* **EXERCISE DIRECTIONS**
Print the entries exactly; no image belongs in the copy.
*** DATA EXCERPTS Section Begins ***
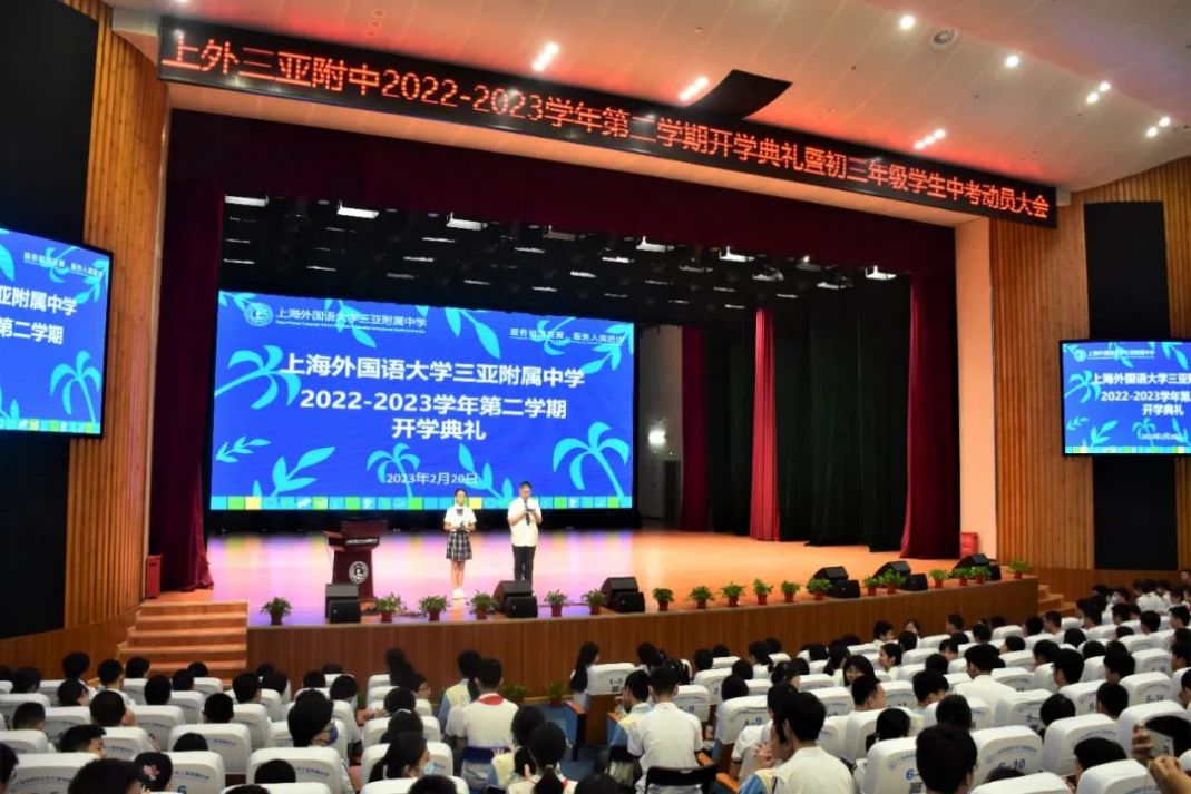 崭新的晨光,迎来全新的开始,2023年2月20日早上,迎着和煦的春风,上外三亚附中全体师生齐聚一堂,拉开了2022-2023学年第二学期开学典礼暨初三年级中考动员大会的帷幕。方正明书记,朱玮雪校长,董方副校长、黄旭副校长和刘敏副校长出席了典礼。 开新篇,立新志升旗仪式上,英姿挺拔的国旗护卫队队员们,紧握国旗,齐步走向舞台中央。当国歌声响起,全体师生肃立,少先队员行队礼,上外三亚附中在庄严...
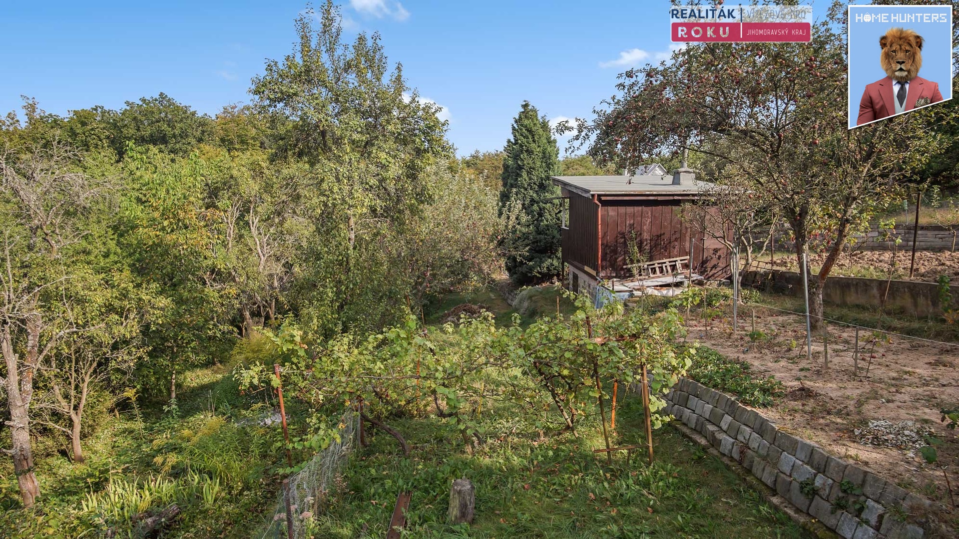 Na pozemku, který je travnatý a ve velmi mírném svahu, rostou ovocné stromy a navíc je zde spousta místa na založení záhonů – třeba k pěstování rajčat, salátů či jakýkoliv dalších plodin.
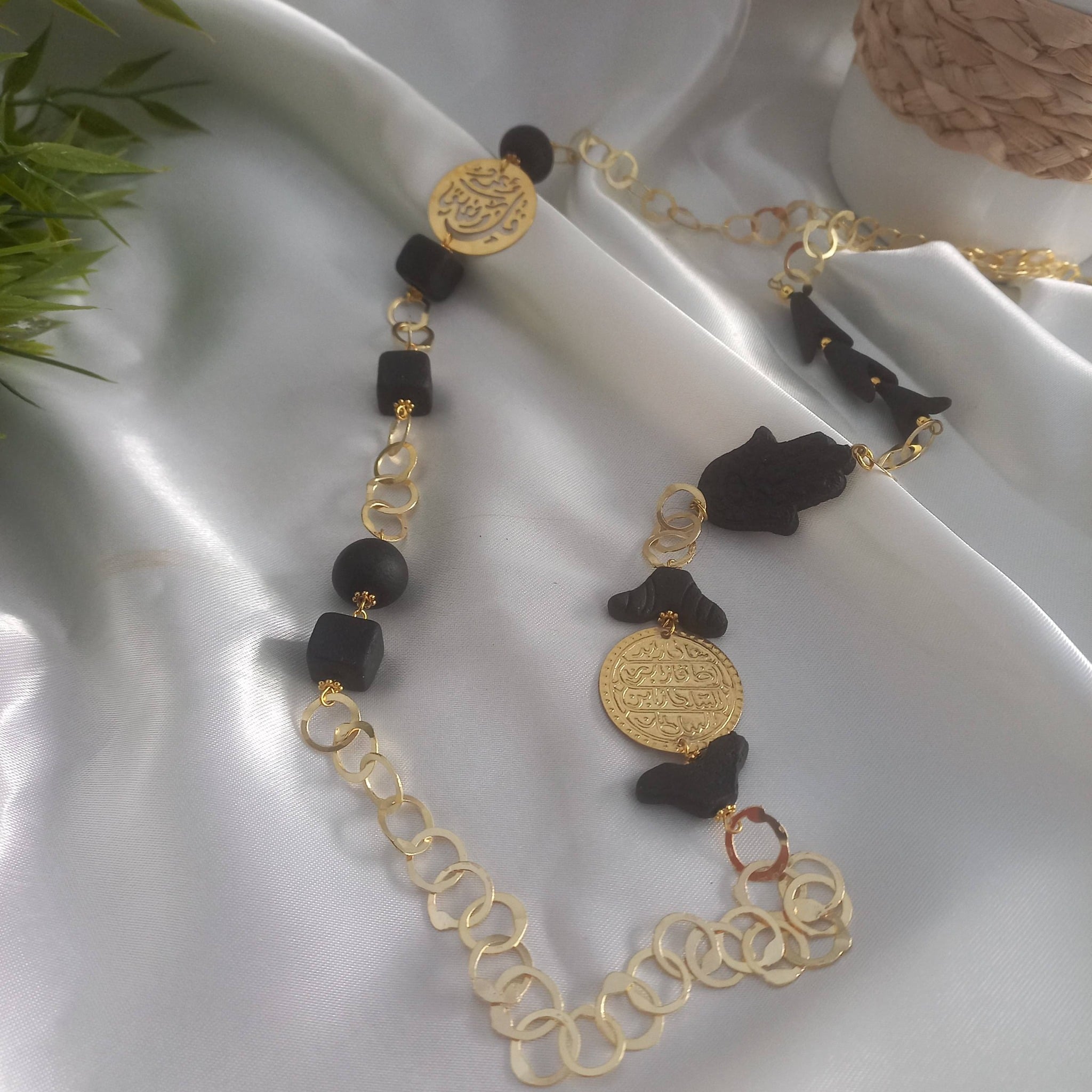 sautoir en laiton doré des fétiches en laiton et ambar fait main
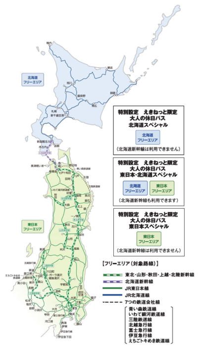 ・フリーエリア内のJR東日本全線(東日本・北海道スペシャルはJR北海道全線)、青い森鉄道線、いわて銀河鉄道線、三陸鉄道線、北越急行線、伊豆急行線、富士急行線、えちごトキめき鉄道線(直江津~新井間)の普通列車と特急等(新幹線を含む)の普通車自由席およびJR東日本が運行するBRT(バス高速輸送システム)が連続する4日間または5日間乗り降り自由です。
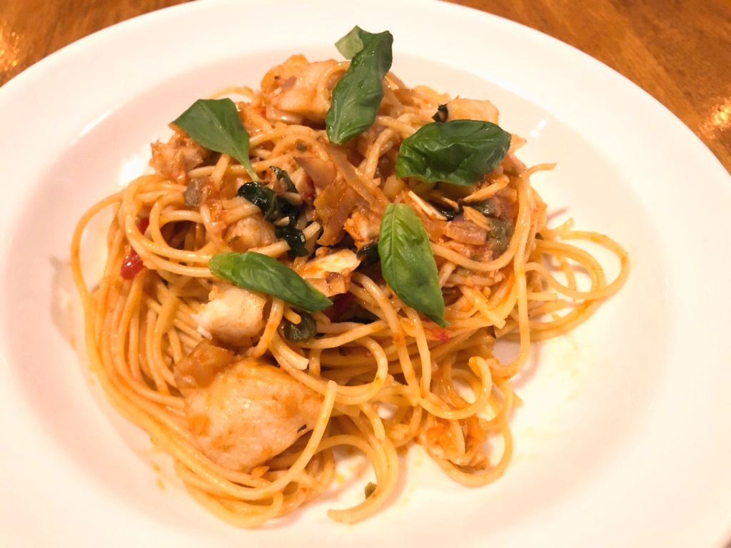 ◇◆ 鰆(さわら)とアーモンド、バジルのトマトソース スパゲッティ ¥1,400 ◇◆
*** DATA EXCERPTS Section Ends ***
* **SOLUTION TO THIS EXERCISE**
 崭新的晨光,迎来全新的开始,2023年2月20日早上,迎着和煦的春风,上外三亚附中全体师生齐聚一堂,拉开了2022-2023学年第二学期开学典礼暨初三年级中考动员大会的帷幕。方正明书记,朱玮雪校长,董方副校长、黄旭副校长和刘敏副校长出席了典礼。 开新篇,立新志升旗仪式上,英姿挺拔的国旗护卫队队员们,紧握国旗,齐步走向舞台中央。当国歌声响起,全体师生肃立,少先队员行队礼,上外三亚附中在庄严...
 Na pozemku, který je travnatý a ve velmi mírném svahu, rostou ovocné stromy a navíc je zde spousta místa na založení záhonů – třeba k pěstování rajčat, salátů či jakýkoliv dalších plodin.
 sautoir en laiton doré des fétiches en laiton et ambar fait main
 ・フリーエリア内のJR東日本全線(東日本・北海道スペシャルはJR北海道全線)、青い森鉄道線、いわて銀河鉄道線、三陸鉄道線、北越急行線、伊豆急行線、富士急行線、えちごトキめき鉄道線(直江津~新井間)の普通列車と特急等(新幹線を含む)の普通車自由席およびJR東日本が運行するBRT(バス高速輸送システム)が連続する4日間または5日間乗り降り自由です。
 ◇◆ 鰆(さわら)とアーモンド、バジルのトマトソース スパゲッティ ¥1,400 ◇◆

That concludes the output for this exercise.